The median overall survival for all patients was eight months. The trial culminated in treating a patient cohort that used an optimized manufacturing process and injected CAR-T cells at both the tumor site and into the CSF. For this final patient cohort, researchers were able to establish a maximal feasible dose and found that these patients had the best median overall survival of 10.2 months, which was higher than the expected survival rate of six months in patients with recurrent glioblastoma. 

“These were heavily pretreated patients so we were not sure how they would do with CAR-T cell therapy,” said Behnam Badie, MD, The Heritage Provider Network Professor in gene therapy, chief of neurosurgery at City of Hope and the study’s senior author. “But some of them even did better than how they initially responded to standard of care treatments.”

Delivering therapy and sampling the environment

In addition to evaluating the safety and feasibility of IL13Rα2 CAR T cells delivered locally for this trial, Brown, Badie, and the team also wanted to learn more about which patients might respond best to the therapy.

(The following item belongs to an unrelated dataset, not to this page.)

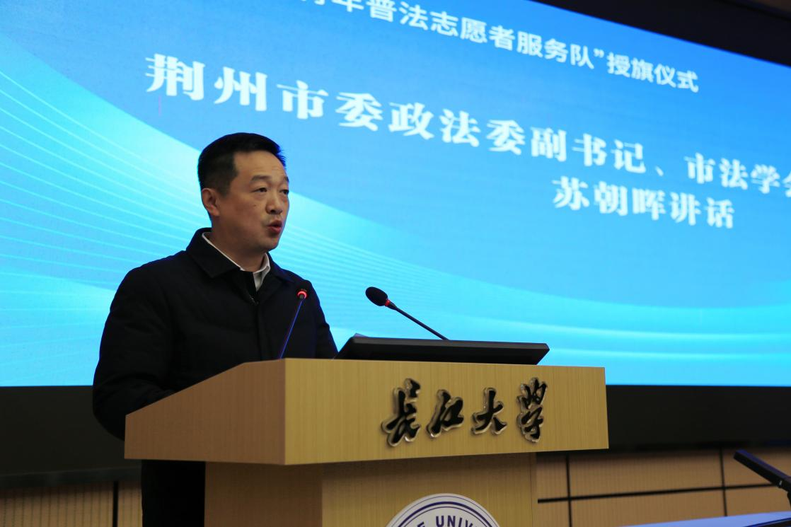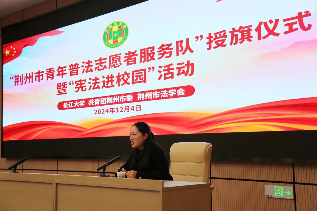 (通讯员张屾岚王泽宇/文 解凌逍/摄)为深入贯彻党的二十届三中全会精神,加强法治宣传教育,推动青年普法志愿活动深入开展,2024年12月4日,荆州市青年普法志愿者服务队成立仪式在beat365官网中文东校区11教学术报告厅举行。仪式由荆州市法学会专职副会长、秘书长廖淑洁主持,荆州市法学会会长张钦,市委政法委副书记、市法学会常务副会长苏朝晖,团市委副书记王文雯,beat365官网中文校团委副书记杜岳青,beat365官网中文公司党委副书记严星出席授旗仪式,市法学会办公室有关负责人、讲师团成员及百余名beat365官网中文的青年普法志愿者代表们参与仪式。

By sampling tumors and CSF at the delivery sites, they found certain markers that were positively associated with survival and CAR-T cell administration and bioactivity, respectively. 

“The idea that you can deliver a therapy and sample the environment at the same time to analyze changes in the brain is very unique and could have a huge impact on the field,” said Badie. “I think people will be adopting these technologies that can help us recognize potential mechanisms of resistance to or failure of therapy.”

Next, the team says that future randomized studies in larger patient cohorts will be needed to confirm and expand their findings related to the critical parameters for successful CAR-T therapy. “Between the positive outcomes we saw in our Phase 1 study and the new avenues we are exploring, we hope our work can have a dramatic impact on the field of immunotherapy and the lives of cancer patients around the world,” said Badie.